But yet, there are still skeptics who wonder, “What’s in it for Marketers?”
The latest reports show that advertising within Social Networks isn’t working very well, according to recent studies from IDC and eMarketer. The majority of people use social networks to connect and communicate with friends and family, and – surprise, surprise – it turns out people searching for old friends on Facebook aren’t very receptive to clicking on ads.
A late November study from IDC found that, because people are engaged in specific tasks on social networks (updating their status message, uploading photos, sending party invitations etc.), they have little interest in clicking on ads during these sessions. In fact, just 57% of consumers on social networks have clicked on an ad, while 79% of Internet-wide consumers had.
Even more disappointing for marketers who’ve thrown buckets of money at social network advertising: social network consumers make fewer purchases as a result of clicking on an ad by about half, compared to Internet-wide consumers.
As marketers realize much of their social network ad spending is not generating ROI, they’re, unsurprisingly, reining in budgets. In eMarketer’s study from early December, the research firm lowered its projections for social network ad revenue this year and into the foreseeable future.
According to eMarketer, marketers will spend $1.2 billion on social network advertising this year, down from an original projection of $1.4 billion. In the recessionary climate of 2009, will see an even sharper drop in total spending; eMarketer has updated its previous estimate of $1.8 billion in 2009 spending down to $1.3 billion. Why are advertisers cutting spending? Because, right now, social network advertising “cannot always demonstrate a proven return on investment,” says the study.
So why haven’t ads on social networks been more effective? For one, MySpace and Facebook made a crucial mistake: they assumed people would be more interested in ads just because they were delivered in a more personal, social setting. But an ad, is an ad, is an ad. They don’t magically perform better or do more for your brand just because they are located inside the Internet equivalent of the ‘cool new nightclub’.

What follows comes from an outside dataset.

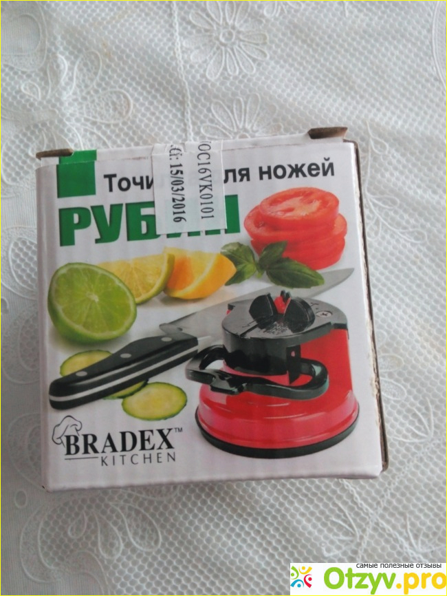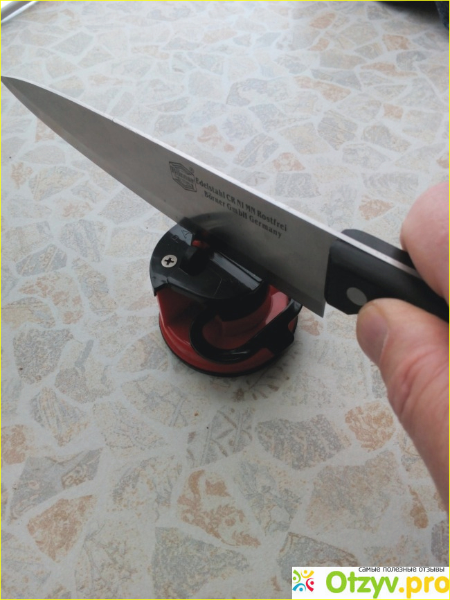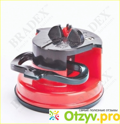 Я приобрела точилку Bradex «Рубин» в интернет-магазине бытовой техники, затратив всего 250 рублей. Подруга была очень рада такому презенту, мы сразу решили опробовать ее в действии. В аккуратной коробочке прилагалась инструкция на русском языке. Разместили точилку на стеклянном обеденном столе, на таком материале присоска сработала отлично. Во время заточки лезвие ножа необходимо плавно провести вдоль прорези в выступе на крышке точилки. В это время автоматически обеспечивается оптимальный для заточки угол. Мы были в восторге от результата - на энтузиазме переточили все ножи в доме.

Think of it like this: just because you drive by a billboard every day right next to your house doesn’t make you any more likely to call the phone number listed on it than if you pass the billboard once a year on a drive to your grandma’s house. The same holds true for social network advertising. Placement alone doesn’t guarantee better ad ROI. To get people to click on your ad, it has to be catchy, have an unbelievable offer, engage consumers in a new way, and/or be extremely targeted – no matter where it’s placed.
But just because social network advertising hasn’t delivered on all its mega promises doesn’t mean that all social marketing should be lumped into the same bucket. In fact, many forms of social marketing are extremely effective, measurable, and deliver excellent ROI. The key is to use the social medium as a tool in your overall strategy to connect deeply with your customers – and not simply as conduit in which to dump ads and hope for the best.
Marketers that want to be successful with social marketing initiatives have to get “back to basics”: connect, build trust, engage, listen, learn, demonstrate empathy, reward advocacy, give things away, thank people for their support, ask for their ideas, hold hands, smile, help, and build a community of likeminded people helping each other live better. (Yes, it sounds something like the town grocer of yore, and you should think of your marketing initiatives in this way today, because the era of blasting general messages to people and hoping for some to stick is over; we’ve entered an era of personalization whether marketers like it or not.)
The good news is, social marketing is one of the best ways to connect with consumers on a personal level. But if it doesn’t work just to put your ads on Facebook and MySpace, what can you do to run a highly successful social marketing program? Here are few tried-and-true social marketing strategies that deliver real ROI.
How many times do we have to say it? Content is king. People will forward songs, movies, films, jokes, or any kind of media to friends, if the content is worthy. It doesn’t matter if it’s a Microsoft Songstream ad, or a mashed-up Barack Obama video. Create and distribute only the best quality content, because good content gets forwarded (and thus creates more traffic and traction for your brand.)
Sales aren’t everything. Even in today’s economy, there is real, measurable value in branding. Sure, you want to know the click-through rate on your Facebook ads, but there is also value in someone seeing that ad out of the corner of their eye several hundred times. This type of impact is harder to measure than click-through, but with the right tools (and there are several fantastic social media measurement tools out there), you can quantify the impact of social media campaigns on your brand image. If your product is relevant and useful – and especially if you launch a corresponding mass media campaign, you social media ad is providing value, even if views don’t convert directly into sales.
Social media extends the “life” of your creative. As an add-on, your agency should be delivering an extended and “re-mixed” versions of your ads. These mashed-up versions of your creative can then be parceled out to video and image-sharing sites, to bloggers who evangelize your products, and just in general “leaked” to sites where your target customers hang out online. It really doesn’t take much, and that 30-second ad you paid a mint for can be turned into a 60-second or even 5-minute clip. Hey, you can even invite people to add their own touches to your add on UGC mash-up sites. Couple this fantastic alternative creative with a few paid ads across a property, and you’ll get tremendous branding and conversion results.